Students who wish to drop their Minor Plan should send an email to email@example.com with their name, student number and any other pertinent information. If you wish to keep the same minor you are currently in and only switch a major, please indicate that so that we do not drop you from the minor in error.
Achieving a 3.50 or above GPA on all courses taken during an academic year (from Sept 1 to Aug 31) will place a student on the Dean’s Honour List.
To be placed on the Dean's Honour List with Distinction, a student must have achieved an academic year GPA in the top three percent (3%) of all students within Arts (BA, BAH, BFA, BFAH, BMus, BPHE, BPHEH) or Science (BSc, BScH, BCMP, BCMPH). Based on previous performance levels, a minimum academic year GPA of approximately 3.90 in Arts and 4.10 in Science will be required. These values may vary from year to year. In addition, there may be no Incomplete (IN), Deferred (GD), Failure (F) grades, or repeated courses during the year in question.
Students are expected to maintain a cumulative GPA of 1.60 or above to remain in good academic standing. Students who fail to achieve the following cumulative GPA standards when they are evaluated in May of each year may receive an academic sanction.
|Below 1.60||Placed on Academic Probation|
(if you are a new student or are currently in good academic standing)
Required to Withdraw
(if you are currently on academic probation)
|Below 0.70||Required to Withdraw|
The first time a student is required to withdraw, it will be for a period of one year. They may then return to Arts and Science on academic probation. If they are required to withdraw a second time, it will be for a period of three years.
How will repeating a course affect my GPA?
If you repeat a course, only the highest grade earned will be used when calculating the cumulative GPA. Repeating a failed course: If you repeat and pass a course that you previously failed, your GPA will increase, likely to a significant extent. The previous failed attempt will remain on your transcript but the failing grade will be excluded from your GPA.
How will taking a course that is an exclusion of another course affect my GPA?
An exclusion* is a set of two or more courses that are not the same, but that have considerable overlap in content such that both may not count towards the requirements of your degree. Students are not normally permitted to enrol in a course that excludes one that they have already taken. If you obtain permission to take a course that is an exclusion of another course(s) that you have taken, the grades in all excluded courses will contribute to your GPA, but only the course with the highest grade will count for credit. For example: SOCY 211/3.0 and STAT 263/3.0 are exclusions. *Exclusions are identified in the Academic Calendar course descriptions or in SOLUS in the following manner: EXCLUSION: No more than 3.0 units from BIOL 243/3.0; ECON 250/3.0; GPHY 247/3.0; KNPE 251/3.0; POLS 385/3.0; PSYC 202/3.0; SOCY 211/3.0; STAT 263/3.0.

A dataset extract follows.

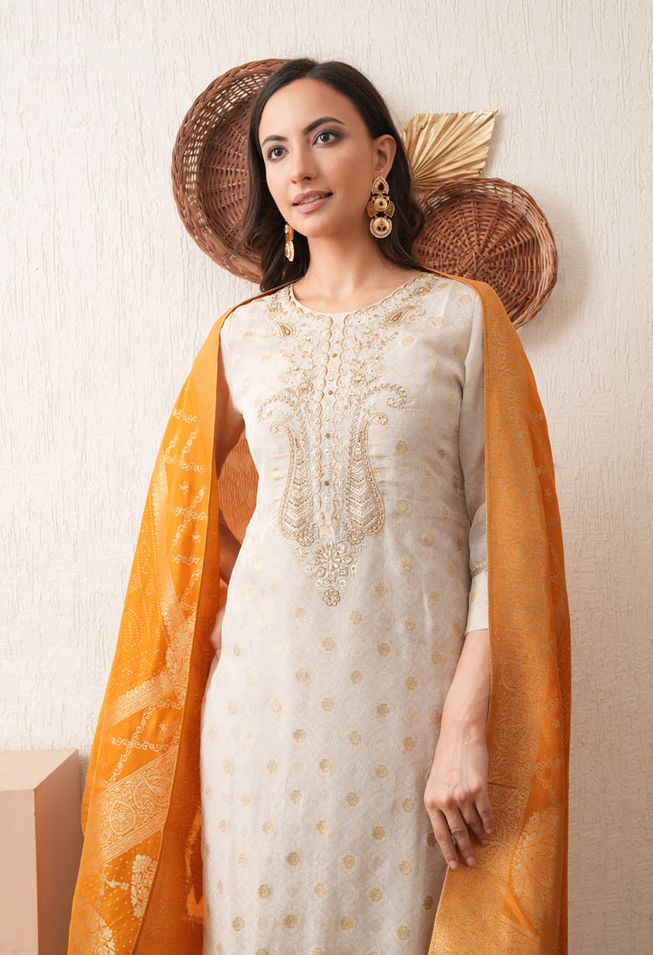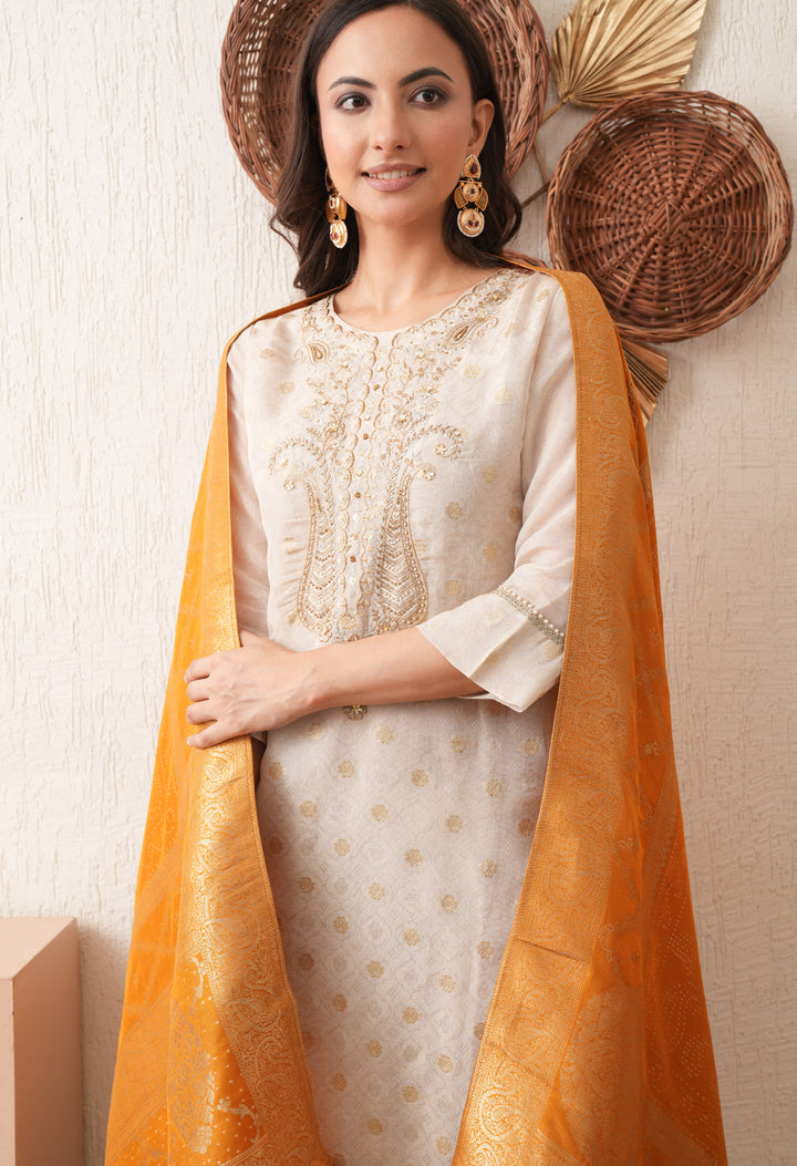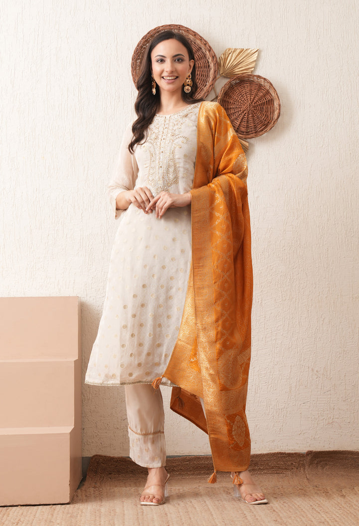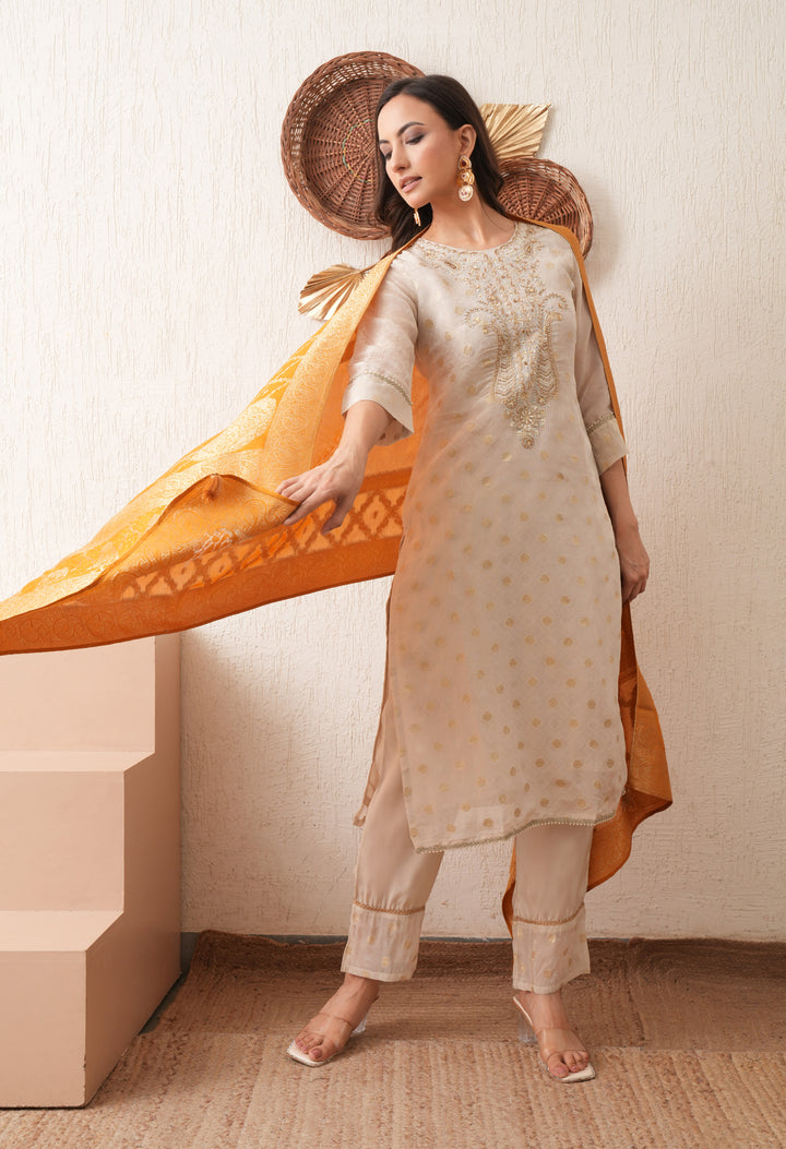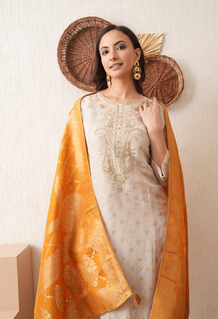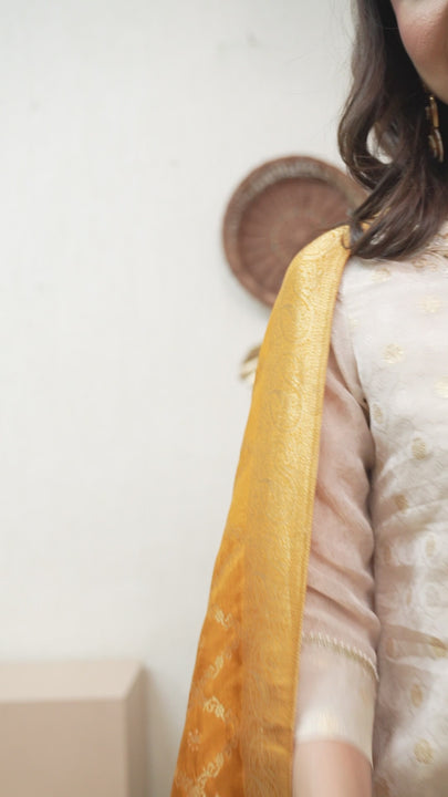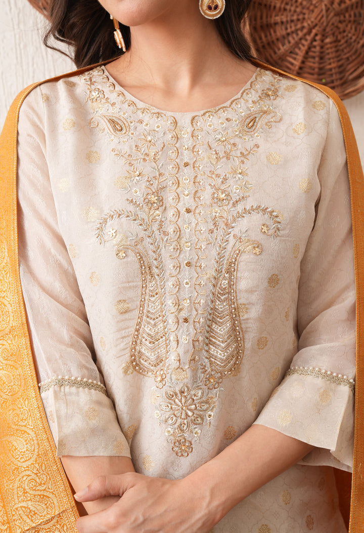 Step into timeless charm with our Beige Banarasi Zari Elegance Suit, crafted for semi-formal occasions. Designed in premium Banarasi fabric with intricate zari and sequin work, it exudes rich traditional allure. The 3/4th sleeves adorned with delicate pearl detailing and a round neckline add feminine grace, while the Banarasi scalloped pant hem brings a regal touch. Paired with a metallic Banarasi silk dupatta, this ensemble blends sophistication with heritage beauty.

How will my transcript be evaluated externally?
Your Queen’s transcript is an important record of your academic achievements in university, but it is by no means the only indicator of your overall abilities: building a good resume and a network of individuals who can act as references is also very important. Having said this, it is important to remember that those evaluating your transcript are likely to be looking at a lot more than just your GPA. They are going to be far more interested in such things as: what courses did you take? How long did you take to complete your degree? How consistent is the student’s performance? How applicable are the skillsets and knowledge you have acquired as an undergraduate to the position/award to which you are applying?

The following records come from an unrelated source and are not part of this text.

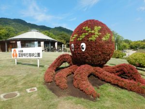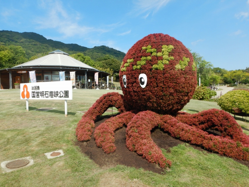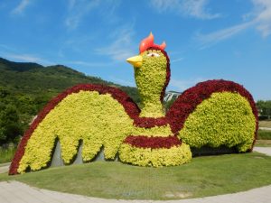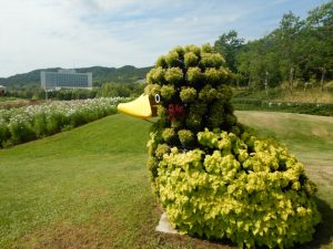 立体花壇「花火鳥」と「アヒル」(場所:大地の虹)、「タコトピアリー」(場所:東浦口ゲートそば)
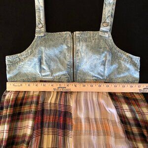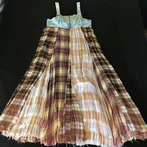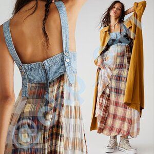Rare and so much fun Rare Free People Mix It Up Dress in size 14. Pieced to perfection, this vintage-inspired maxi dress features a denim, overall-style top piecing and contrast plaid bottom skirt with zip-front neckline and raw bottom hem for a true lived-in look. Relaxed, A-line fit
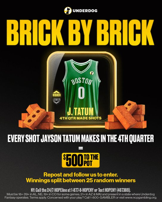 Twenty-five (25) winners will be awarded Underdog Bonus Funds, determined by the number of field goals made Jayson Tatum totals in the 4th Quarter in his game against the New York Knicks on Saturday, May 10, 2025. Underdog will add $500 to the total for every field goal made, up to 10 made field goals. Winners will be selected at random and will receive an equal split of bonus funds.
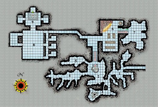 A portal in Iltkazar leads to a nondescript cavern, which also serves as the only place of entry for anyone stumbling upon the Unspoken Hall by way of nearby Underdark tunnels (area 1 on the map). A number of dead-end tunnels branch off from this area, as well as one narrow tunnel that winds over a treacherous and monster-infested route to a main Underdark thoroughfare connecting Ched Nasad to distant Menzoberranzan.
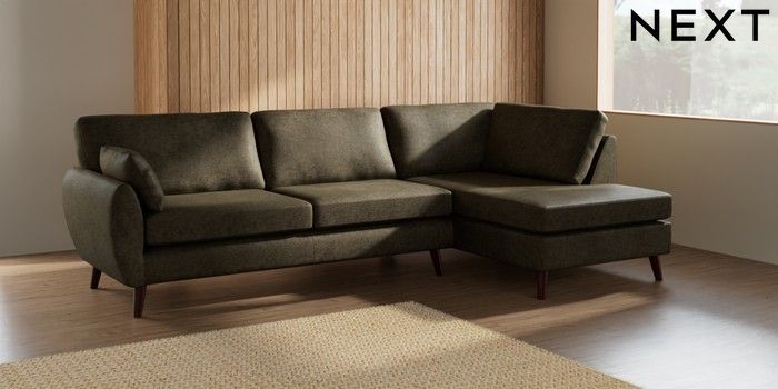 7.3.1 Buy Wilson Large Corner Chaise - Right Hand Plush Chenille Moss Green Retro Tapered - Dark Brown from the Seasons online shop Click here to use our website with more accessibility support, for example screen readers
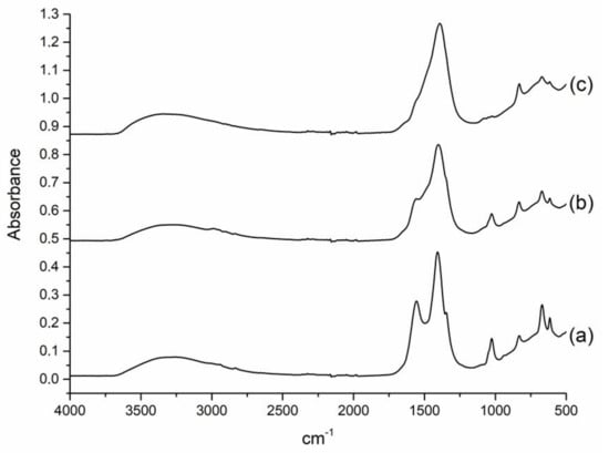 ATR FTIR spectra of the SAS-precipitated precursors of Co2Ni1 samples obtained with different water content: Co2Ni1_W0 (a); Co2Ni1_W4 (b); Co2Ni1_W8 (c).

Students who go on exchange usually do so in their third year, in part because the competitive selection process limits the number of exchange placements available. The degree requirements in many subjects of concentration are such that students pursuing a major concentration have maximum flexibility for study abroad in their third year of study.

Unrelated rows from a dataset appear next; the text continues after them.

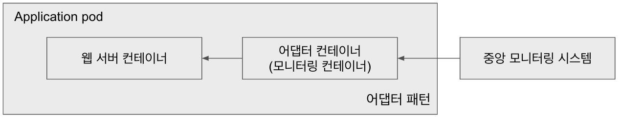 - 파드 외부로 노출되는 정보를 표준화하는 어댑터 컨테이너를 사용한다.
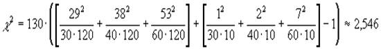 Вспомнив правило “трех s ” для c 2-закона, можно сказать, что при a =0,1 величина c 2Ј n + . Таким образом, при уровне значимости 10% (т.е. с риском ошибиться в 1 случае из 10) гипотеза о независимости признаков отвергается, если подсчитанное числоc 2> n + . В противном случае наблюдения не противоречат гипотезе о независимости.
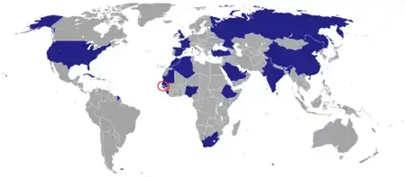 This is a list of diplomatic missions of the Gambia.[1] The Republic of the Gambia became independent from Britain in 1965. As a relatively small country in West Africa, the Gambia has only a limited number of foreign missions abroad.
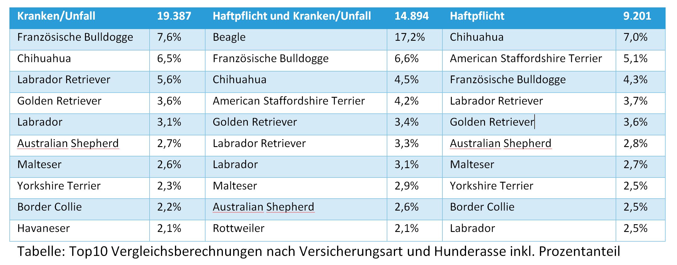 In der Analyse wurden 64.027 Online-Versicherungsvergleiche im Zeitraum von 1.7.2017 bis 30.6.2018 berücksichtigt, bei 43.482 wurden die Hunde als „reinrassig“ angegeben. Davon wiederum wurden 19.387 Vergleiche für eine reine Kranken-/Unfallversicherung berechnet, 14.894 für eine kombinierte Haftpflicht- und Kranken-/Unfallversicherung und 9.201 für eine reine Haftpflichtversicherung.
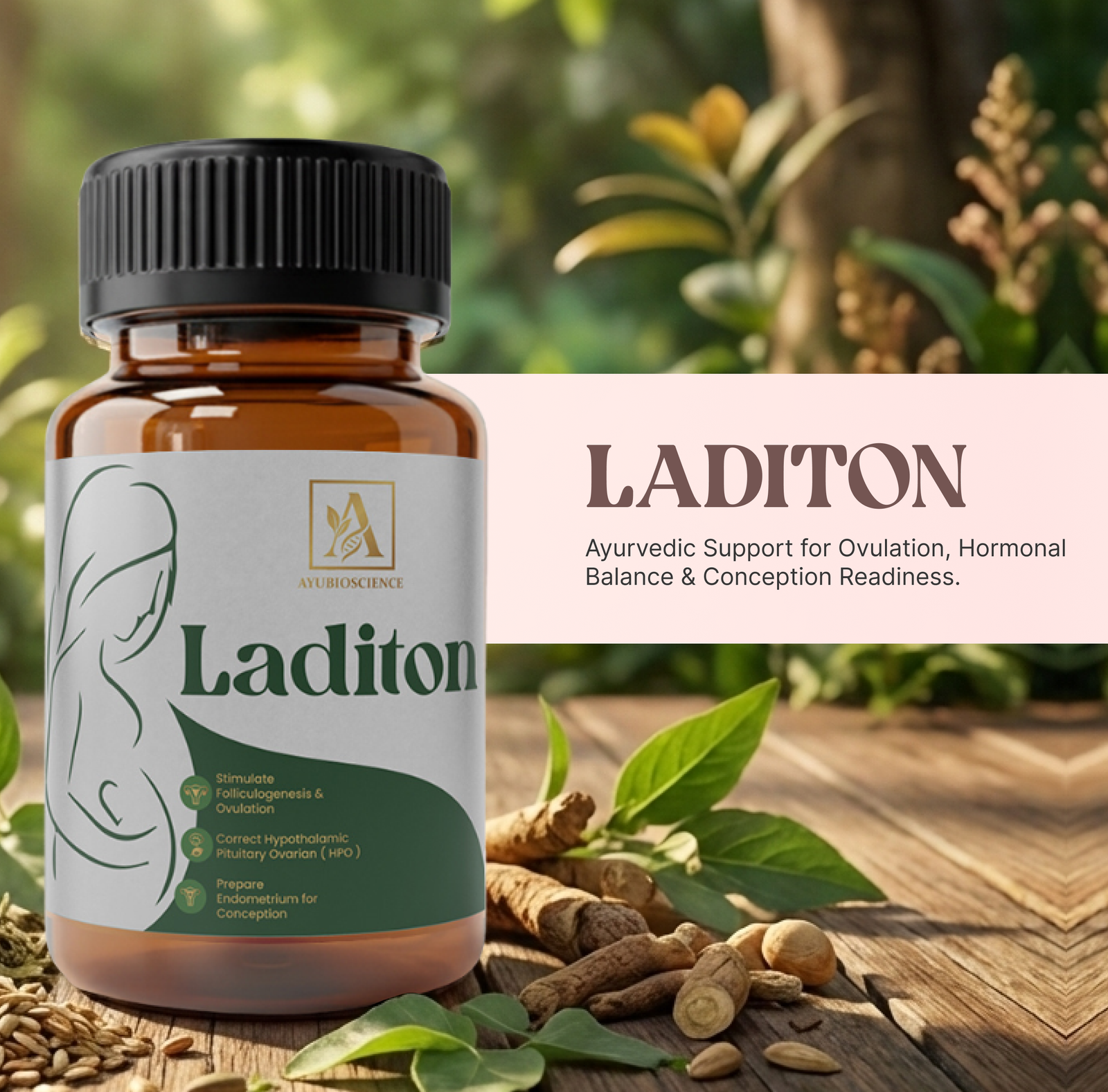 Laditon is a premium Ayurvedic formulation designed to support female reproductive wellness, hormonal balance, and fertility health. It helps support the natural processes involved in ovulation, uterine health, and reproductive balance.
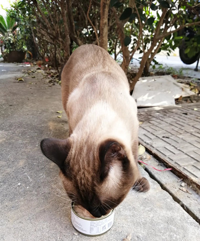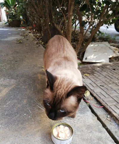 直接拆了一罐给那暹罗猫,结果就是,那猫就喝了几口汤,肉肉不吃,还是不给我碰。
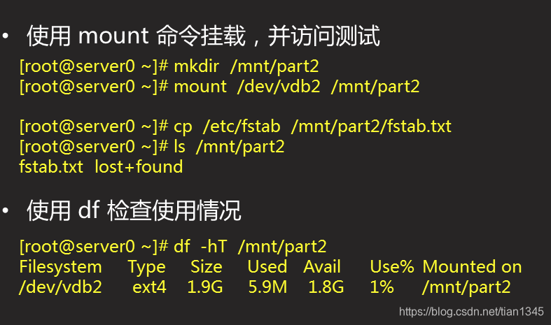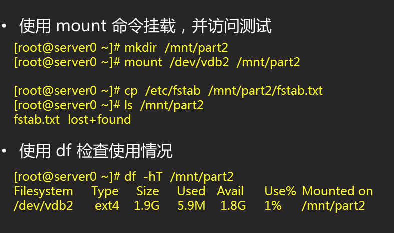 [root@server0 ~]# mount /dev/vdb1 /mypart1 #进行挂载

The Faculty of Arts and Science has established formal exchange partnerships with over 85 universities in 24 countries worldwide and growing. Many of the partners listed are bilateral exchanges which are agreements between Queen's and another university. There are also a number of consortial exchange which students can also apply to for exchange. The partners are sorted by country and each country page contains some useful information and links to other resources to assist with researching your exchange country.
To take a course at another university and have the credit transferred back to your Queen's transcript, you must fill out a Letter of Permission application form [PDF], available for download at the Arts and Science website. If the course you wish to take is offered by a Canadian (domestic) institution, this application goes to the Student Services Office. If the course is offered by an international institution, you must fill out an International Letter of Permission application form [PDF] and submit it to the International Programs Office.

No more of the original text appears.